You can add the following annotator to construct questions using PATIENT and ADMISSION:

```python
# setEntities1 says which entity from NER goes first in the question
# setEntities2 says which entity from NER goes second in the question
# setQuestionMark to True adds a '?' at the end of the sentence (after entity 2)
# To sum up, the pattern is     [QUESTIONPRONOUN] [ENTITY1] [ENTITY2] [QUESTIONMARK]

qagenerator = NerQuestionGenerator()\
  .setInputCols(["ner_chunk"])\
  .setOutputCol("question")\
  .setQuestionMark(True)\
  .setQuestionPronoun("When")\
  .setStrategyType("Paired")\
  .setEntities1(["PATIENT"])\
  .setEntities2(["ADMISSION"])
```
In the column `question` you will find: `When John Smith was admitted?`. Likewise you could have `Where` or any other question pronoun you may need.
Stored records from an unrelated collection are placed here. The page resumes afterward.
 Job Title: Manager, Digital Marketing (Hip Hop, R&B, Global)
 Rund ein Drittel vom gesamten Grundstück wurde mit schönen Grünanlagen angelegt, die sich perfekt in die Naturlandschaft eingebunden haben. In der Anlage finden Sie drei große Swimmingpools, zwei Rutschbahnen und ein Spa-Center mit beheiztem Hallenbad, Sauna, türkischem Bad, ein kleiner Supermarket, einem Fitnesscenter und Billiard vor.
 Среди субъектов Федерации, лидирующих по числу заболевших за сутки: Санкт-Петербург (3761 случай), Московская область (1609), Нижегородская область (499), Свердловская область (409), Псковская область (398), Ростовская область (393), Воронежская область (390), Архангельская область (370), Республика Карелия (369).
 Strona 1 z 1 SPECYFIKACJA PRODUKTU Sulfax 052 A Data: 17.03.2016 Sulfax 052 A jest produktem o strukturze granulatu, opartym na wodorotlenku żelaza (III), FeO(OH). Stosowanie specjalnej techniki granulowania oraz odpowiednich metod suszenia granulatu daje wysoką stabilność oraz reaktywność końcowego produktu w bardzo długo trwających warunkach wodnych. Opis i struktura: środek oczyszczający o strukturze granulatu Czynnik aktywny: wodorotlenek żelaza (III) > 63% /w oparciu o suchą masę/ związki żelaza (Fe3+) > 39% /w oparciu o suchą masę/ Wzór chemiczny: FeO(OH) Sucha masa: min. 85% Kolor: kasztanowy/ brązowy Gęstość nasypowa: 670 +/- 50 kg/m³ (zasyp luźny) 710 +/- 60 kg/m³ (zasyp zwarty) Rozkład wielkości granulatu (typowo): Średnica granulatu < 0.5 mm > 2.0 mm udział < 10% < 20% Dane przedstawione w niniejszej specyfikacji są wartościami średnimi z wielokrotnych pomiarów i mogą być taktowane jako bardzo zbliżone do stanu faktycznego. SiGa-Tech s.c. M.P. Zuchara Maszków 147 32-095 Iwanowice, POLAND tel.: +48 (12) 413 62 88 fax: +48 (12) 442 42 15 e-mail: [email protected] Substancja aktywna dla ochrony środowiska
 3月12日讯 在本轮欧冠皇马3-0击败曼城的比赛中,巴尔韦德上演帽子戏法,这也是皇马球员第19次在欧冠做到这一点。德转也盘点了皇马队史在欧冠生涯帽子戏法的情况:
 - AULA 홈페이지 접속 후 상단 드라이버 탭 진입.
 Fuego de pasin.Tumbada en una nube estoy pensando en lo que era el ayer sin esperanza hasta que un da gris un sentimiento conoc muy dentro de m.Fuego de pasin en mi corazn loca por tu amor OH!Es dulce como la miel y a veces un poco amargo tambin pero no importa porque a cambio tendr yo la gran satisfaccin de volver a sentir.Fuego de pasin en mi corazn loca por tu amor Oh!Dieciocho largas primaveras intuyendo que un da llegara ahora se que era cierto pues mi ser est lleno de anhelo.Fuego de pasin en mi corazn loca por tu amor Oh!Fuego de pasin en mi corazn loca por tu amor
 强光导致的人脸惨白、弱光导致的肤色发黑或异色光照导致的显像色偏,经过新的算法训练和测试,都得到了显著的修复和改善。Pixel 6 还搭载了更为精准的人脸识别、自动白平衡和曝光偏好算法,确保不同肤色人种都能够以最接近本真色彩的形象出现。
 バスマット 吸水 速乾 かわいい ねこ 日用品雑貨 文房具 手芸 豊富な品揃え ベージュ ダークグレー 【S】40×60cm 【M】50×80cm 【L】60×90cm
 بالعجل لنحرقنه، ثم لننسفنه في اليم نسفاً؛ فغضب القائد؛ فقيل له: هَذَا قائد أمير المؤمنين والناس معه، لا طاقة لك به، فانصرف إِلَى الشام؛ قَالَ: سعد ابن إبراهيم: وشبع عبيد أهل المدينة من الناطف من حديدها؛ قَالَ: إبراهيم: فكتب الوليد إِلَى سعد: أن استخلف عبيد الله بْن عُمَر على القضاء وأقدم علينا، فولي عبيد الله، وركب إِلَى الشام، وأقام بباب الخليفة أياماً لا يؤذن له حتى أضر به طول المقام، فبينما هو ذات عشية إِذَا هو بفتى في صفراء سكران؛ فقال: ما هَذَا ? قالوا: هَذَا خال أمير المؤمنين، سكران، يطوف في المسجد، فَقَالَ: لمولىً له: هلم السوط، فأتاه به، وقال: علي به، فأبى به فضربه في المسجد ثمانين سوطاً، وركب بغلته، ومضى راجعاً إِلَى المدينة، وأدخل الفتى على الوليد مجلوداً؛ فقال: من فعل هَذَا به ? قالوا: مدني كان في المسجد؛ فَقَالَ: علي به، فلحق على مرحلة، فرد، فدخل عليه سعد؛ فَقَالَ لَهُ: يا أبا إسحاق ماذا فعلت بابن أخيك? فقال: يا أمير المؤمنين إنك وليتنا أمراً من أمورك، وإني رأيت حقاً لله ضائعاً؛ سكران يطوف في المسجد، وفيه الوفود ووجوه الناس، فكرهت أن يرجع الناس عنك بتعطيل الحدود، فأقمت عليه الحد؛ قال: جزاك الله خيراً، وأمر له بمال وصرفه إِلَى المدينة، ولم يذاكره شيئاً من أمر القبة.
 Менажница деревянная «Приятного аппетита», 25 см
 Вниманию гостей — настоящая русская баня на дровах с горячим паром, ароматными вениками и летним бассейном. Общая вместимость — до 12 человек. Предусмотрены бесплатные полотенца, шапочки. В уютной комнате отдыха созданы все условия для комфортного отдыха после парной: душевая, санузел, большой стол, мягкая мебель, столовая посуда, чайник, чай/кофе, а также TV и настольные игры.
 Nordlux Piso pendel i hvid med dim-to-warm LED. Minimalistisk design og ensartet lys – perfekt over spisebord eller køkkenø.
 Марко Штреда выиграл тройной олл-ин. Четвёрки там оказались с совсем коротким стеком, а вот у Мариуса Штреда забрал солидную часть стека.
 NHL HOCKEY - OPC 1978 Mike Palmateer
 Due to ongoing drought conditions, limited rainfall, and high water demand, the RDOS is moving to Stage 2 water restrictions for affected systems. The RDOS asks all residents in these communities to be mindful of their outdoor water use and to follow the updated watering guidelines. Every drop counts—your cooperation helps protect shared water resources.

You can use those questions in a QuestionAnsweringModel or ZeroShotNER (any model which requires a question as an input. Let's see the case of QA.

```python
qa = BertForQuestionAnswering.pretrained("bert_qa_spanbert_finetuned_squadv1","en") \
  .setInputCols(["question", "document"]) \
  .setOutputCol("answer") \
  .setCaseSensitive(True)
```
The result will be:

```bash
+--------------------------------------------------------+-----------------------------+
|question                                                |answer                       |
+--------------------------------------------------------+-----------------------------+
|[{document, 0, 25, When John Smith was admitted ? ...}] |[{chunk, 0, 8, Sep 3rd ...}] |
+--------------------------------------------------------+-----------------------------+
```
Strategies:
- Paired: First chunk of Entity 1 will be grouped with first chunk of Entity 2, second with second, third with third, etc (one-vs-one)
- Combined: A more flexible strategy to be used in case the number of chukns in Entity 1 is not aligned with the number of chunks in Entityt 2. The first chunk from Entity 1 will be grouped with all chunks in Entity 2, the second chunk in Entity 1 with again be grouped with all the chunks in Entity 2, etc (one-vs-all).